## INSTRUCTIONS TO FOLLOW
For the entries below, copy exactly the line that contains "东周(公元前 770 年" through the line that contains "Olio su tela.Cm.", both ends included, and exclude all pictures.

## INPUT FOR THIS TASK
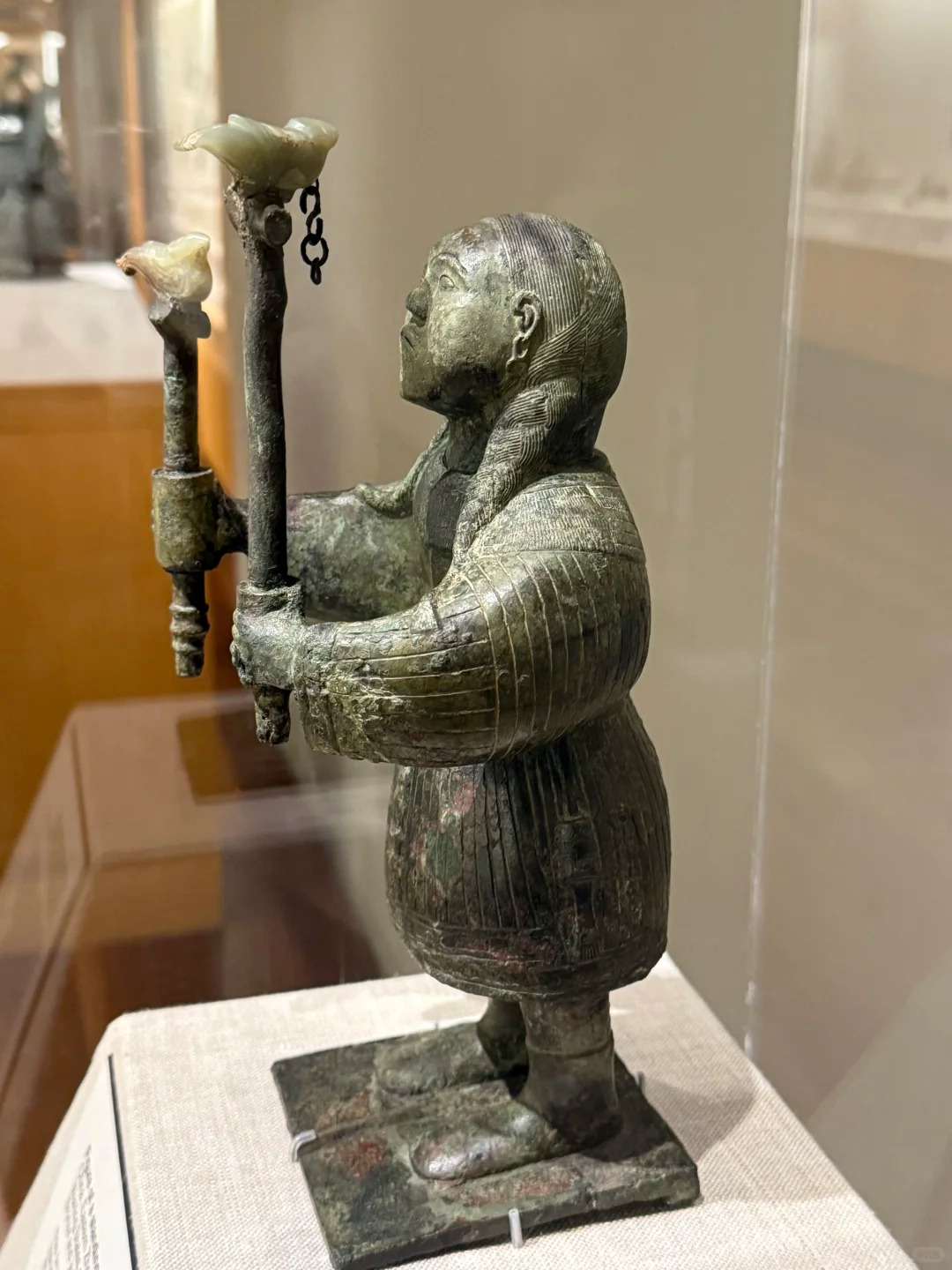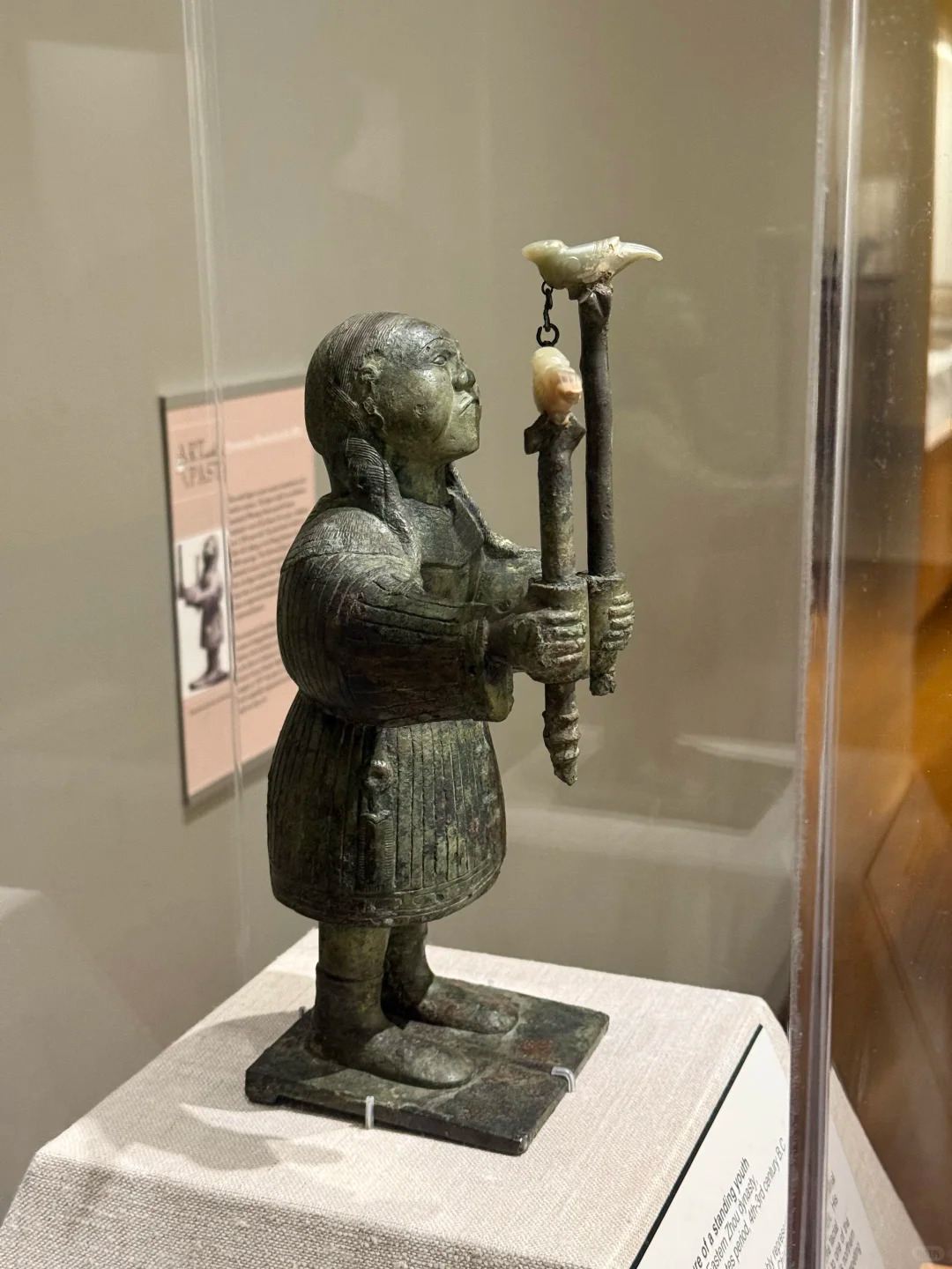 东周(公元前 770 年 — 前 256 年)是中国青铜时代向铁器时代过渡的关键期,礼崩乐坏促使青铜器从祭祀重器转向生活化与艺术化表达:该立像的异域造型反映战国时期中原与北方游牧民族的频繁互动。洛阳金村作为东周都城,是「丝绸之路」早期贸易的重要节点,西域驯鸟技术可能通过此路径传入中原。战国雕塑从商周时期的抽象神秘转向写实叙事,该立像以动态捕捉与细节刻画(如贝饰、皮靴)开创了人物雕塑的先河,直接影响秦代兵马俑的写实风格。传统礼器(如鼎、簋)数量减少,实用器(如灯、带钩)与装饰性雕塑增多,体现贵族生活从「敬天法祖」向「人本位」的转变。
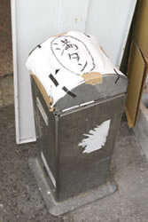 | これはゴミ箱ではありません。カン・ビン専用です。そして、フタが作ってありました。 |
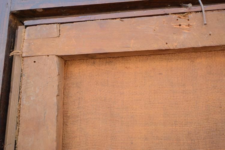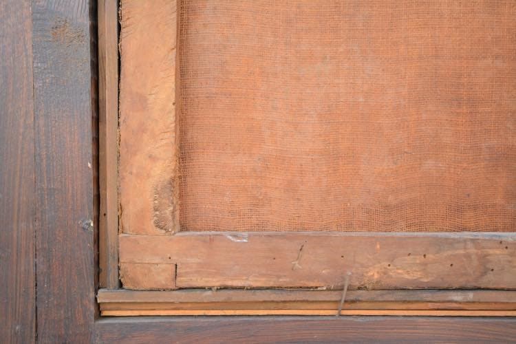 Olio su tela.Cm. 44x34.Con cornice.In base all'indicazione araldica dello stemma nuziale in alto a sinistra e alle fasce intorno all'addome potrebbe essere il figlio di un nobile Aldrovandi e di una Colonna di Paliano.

---

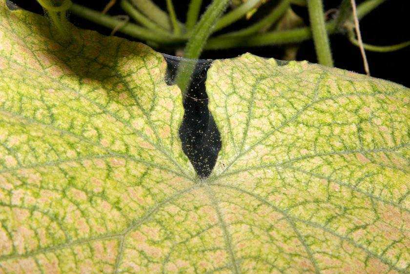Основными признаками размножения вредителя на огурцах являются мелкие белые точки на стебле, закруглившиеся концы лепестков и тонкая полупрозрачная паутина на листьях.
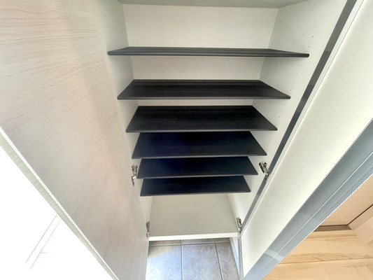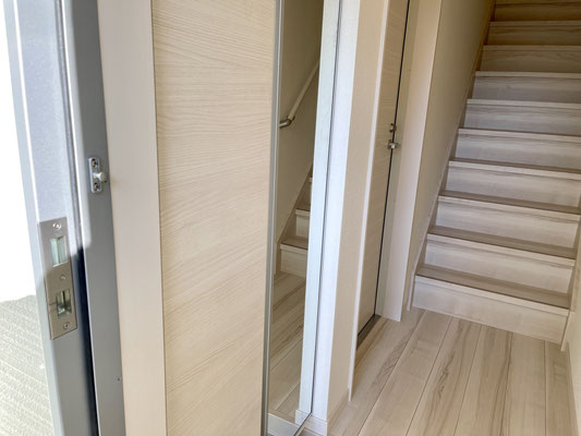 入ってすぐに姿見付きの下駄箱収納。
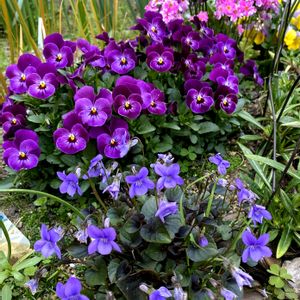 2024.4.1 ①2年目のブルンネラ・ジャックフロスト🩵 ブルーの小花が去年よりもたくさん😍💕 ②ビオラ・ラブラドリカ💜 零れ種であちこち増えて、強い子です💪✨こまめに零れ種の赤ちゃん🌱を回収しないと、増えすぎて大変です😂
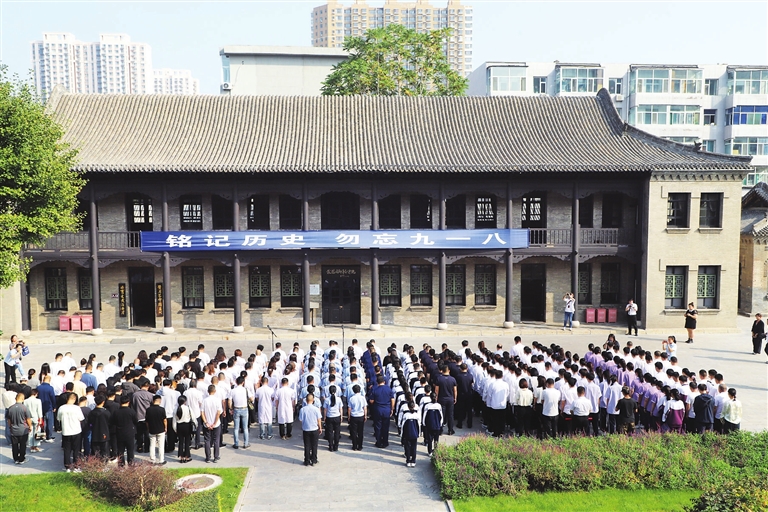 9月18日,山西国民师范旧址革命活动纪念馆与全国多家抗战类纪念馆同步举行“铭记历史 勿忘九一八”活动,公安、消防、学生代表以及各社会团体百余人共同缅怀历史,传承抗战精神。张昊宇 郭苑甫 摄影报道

## FINISHED TASK
 东周(公元前 770 年 — 前 256 年)是中国青铜时代向铁器时代过渡的关键期,礼崩乐坏促使青铜器从祭祀重器转向生活化与艺术化表达:该立像的异域造型反映战国时期中原与北方游牧民族的频繁互动。洛阳金村作为东周都城,是「丝绸之路」早期贸易的重要节点,西域驯鸟技术可能通过此路径传入中原。战国雕塑从商周时期的抽象神秘转向写实叙事,该立像以动态捕捉与细节刻画(如贝饰、皮靴)开创了人物雕塑的先河,直接影响秦代兵马俑的写实风格。传统礼器(如鼎、簋)数量减少,实用器(如灯、带钩)与装饰性雕塑增多,体现贵族生活从「敬天法祖」向「人本位」的转变。
 | これはゴミ箱ではありません。カン・ビン専用です。そして、フタが作ってありました。 |
 Olio su tela.Cm. 44x34.Con cornice.In base all'indicazione araldica dello stemma nuziale in alto a sinistra e alle fasce intorno all'addome potrebbe essere il figlio di un nobile Aldrovandi e di una Colonna di Paliano.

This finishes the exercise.